When the Muppets Start Selling
Finally, when the muppets start liquidating their longs, they will disproportionately affect the futures price, but not spot, reducing the contango or even causing backwardation. Inded, Zero-Hedge shows the following term structures for WTI (black: 7 October 2011; green: 2 November 2011; organe: 9 November 2011).
The WTI term structure started inverting at the short end between 7 October and 2 November 2011. Note that the onset of backwardation at the short end (end of October 2011) coincides with the peak in the open interest in the COT data (end of February 2012) only up to a time lag of four months which may be due to the majority of muppets holding longer term futures or forwards. In any case, the muppets have started selling.
The last time the muppets started selling en masse, was in 2008 (please take a look at the chart at the very top of this article). Saudi Arabia’s oil minister Ali Naimi just wrote in the Financial Times Saudi Arabia will act to lower soaring oil prices (28 March 2012). Note that Saudi Arabia has a track record of taking on the speculators. Marshall Auerback writes in The Oil Conundrum (21 March 2012):
Well, let’s look at history to get a clue: in 1990-1991: the oil price went up from $20 to $40 when Saddam invaded Kuwait. The Kuwaiti fields went down and we embargoed the Iraqi oil.
But then Saudi went full throttle. The oil produced went into hidden stockpiles. For five months. Then when the air war began in Jan of 1991 the oil price fell from 40 to 20, most of it in one day. The Saudis and the allies dumped the oil and killed the specs.
Should Saudi Arabia stop both the term structure arbitrage and the inventory financing, they would no longer sell a part of their spot oil to J.P. Morgan, but rather to the consumers, causing the oil price to fall.
J.P. Morgan has no price exposure, and so it is a different question whether they want to unwind their remaining swaps whose counterparty are in effect the muppets. Since oil is now in backwardation, they can simply close these swaps at the same time as the muppets sell their futures. J.P. Morgan would therefore sell their dark inventory in the spot market and buy back the futures at a discount thanks to backwardation.
If there is not enough backwardation for a decent profit, they can just take their short futures positions into the delivery period, causing another headache for the muppets. Since the muppets cannot handle physical oil, they need to sell their futures well before the delivery month, if necessary at a loss, causing precisely the backwardation that is now profitable for J.P. Morgan.
There are finally independent indications that the producers expect the oil price to decline in the medium term.

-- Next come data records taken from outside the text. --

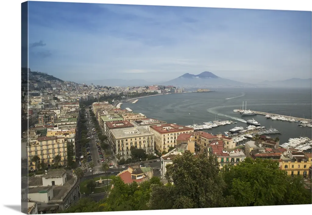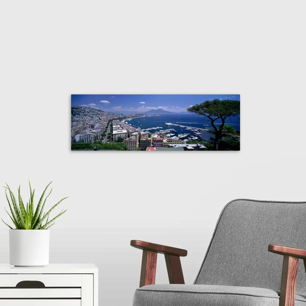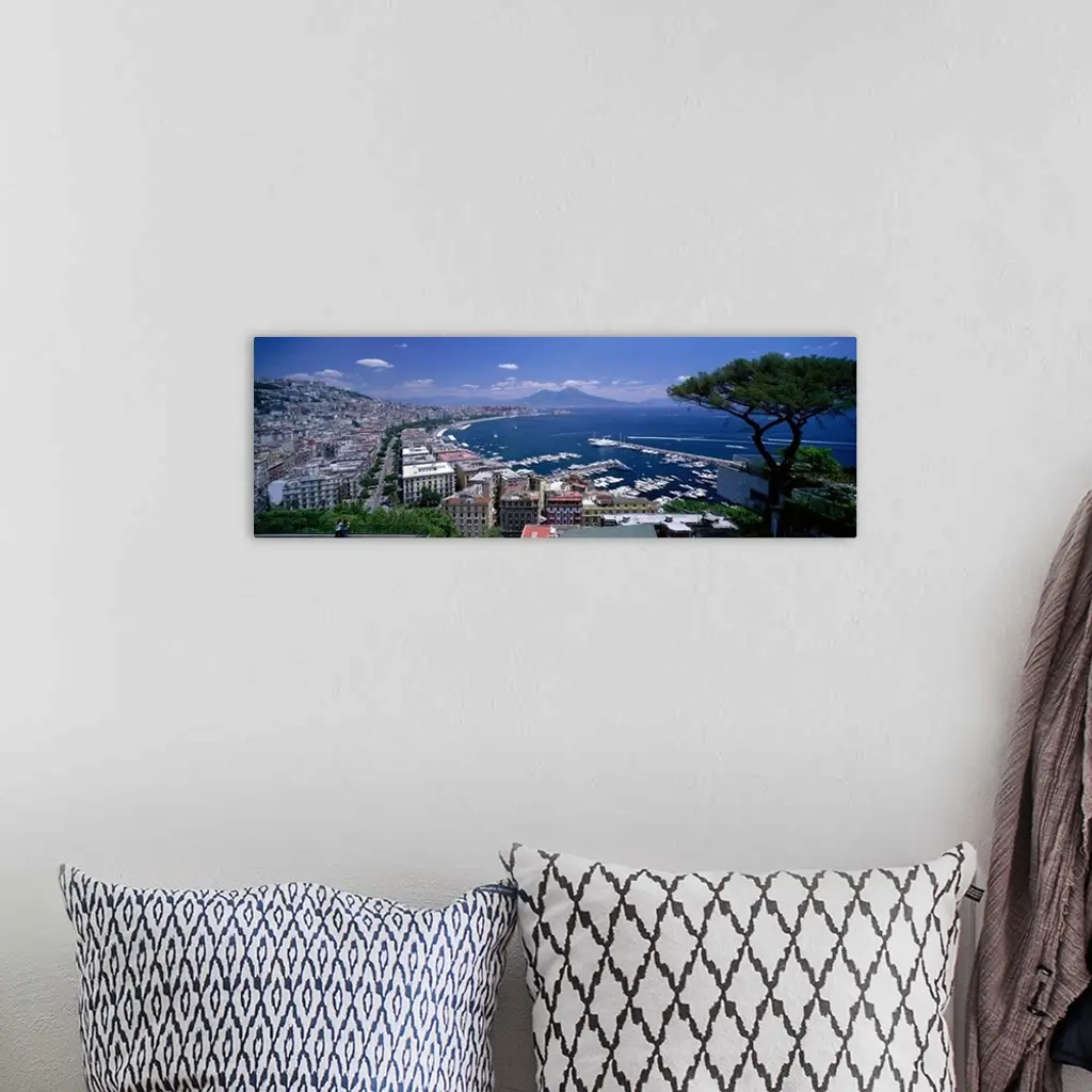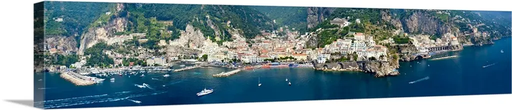 A high angle panoramic photograph of buildings and homes that reach far back and curve around a body of water where boats are docked.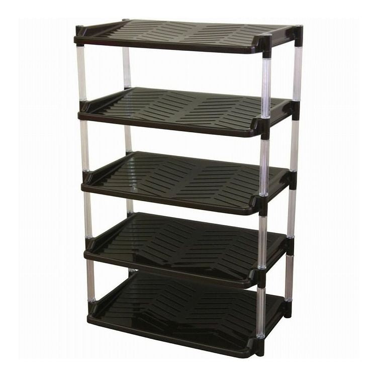 軽量で組立が簡単なシューズラック。靴やスリッパが1段に2足入り、10足収納できるワイド5段タイプ。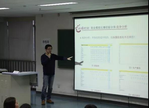由学术部承办的本届“尖烽时刻”全国商业模拟大赛宣讲会在博学楼第四阶梯教室举行,本次宣讲会邀请到两位曾经在该项比赛中取得优异成绩的两位同学—车跃、宋海涵来到会场,为听众具体讲解相关比赛事宜。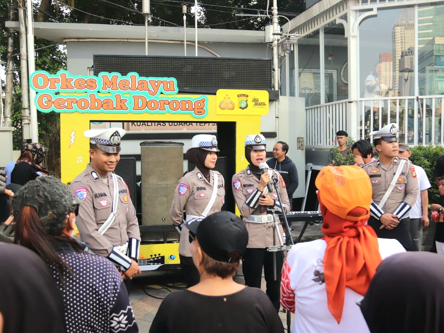 Pentas Orkes Melayu GerobakCFD Bundaran HI, Polwan Menyapa Warga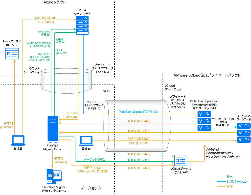 PlateSpin Migrateは、Microsoft AzureからVMware vCloud Directorへのワークロードのマイグレーションをサポートしています。
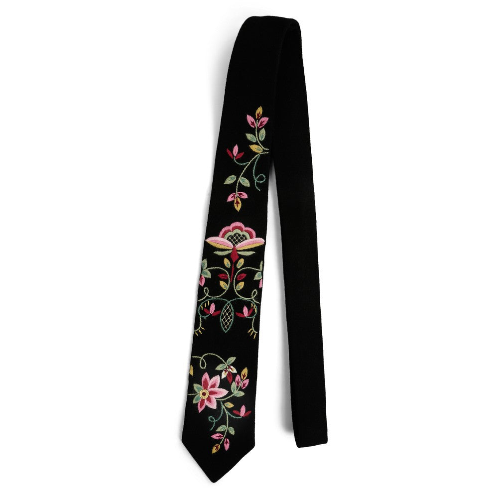 Nydelig håndbrodert bunadslips i ull. Broderiene er håndbrodert med mønster fra Lundebybunaden.

The Financial Times reports in Qatar joins Mexico with oil hedge (26 October 2011) that
Qatar, a member of the Opec oil cartel, has joined Mexico in taking out an insurance policy against falling oil prices next year, hedging some of its oil for 2012
[…]
bankers said that Qatar has taken out insurance only rarely over the last two decades.
(There was a rumour that Qatar purchased put options around $45/bbl for a part of their production whereas Mexico is known to hedge most of their production at $75/bbl.)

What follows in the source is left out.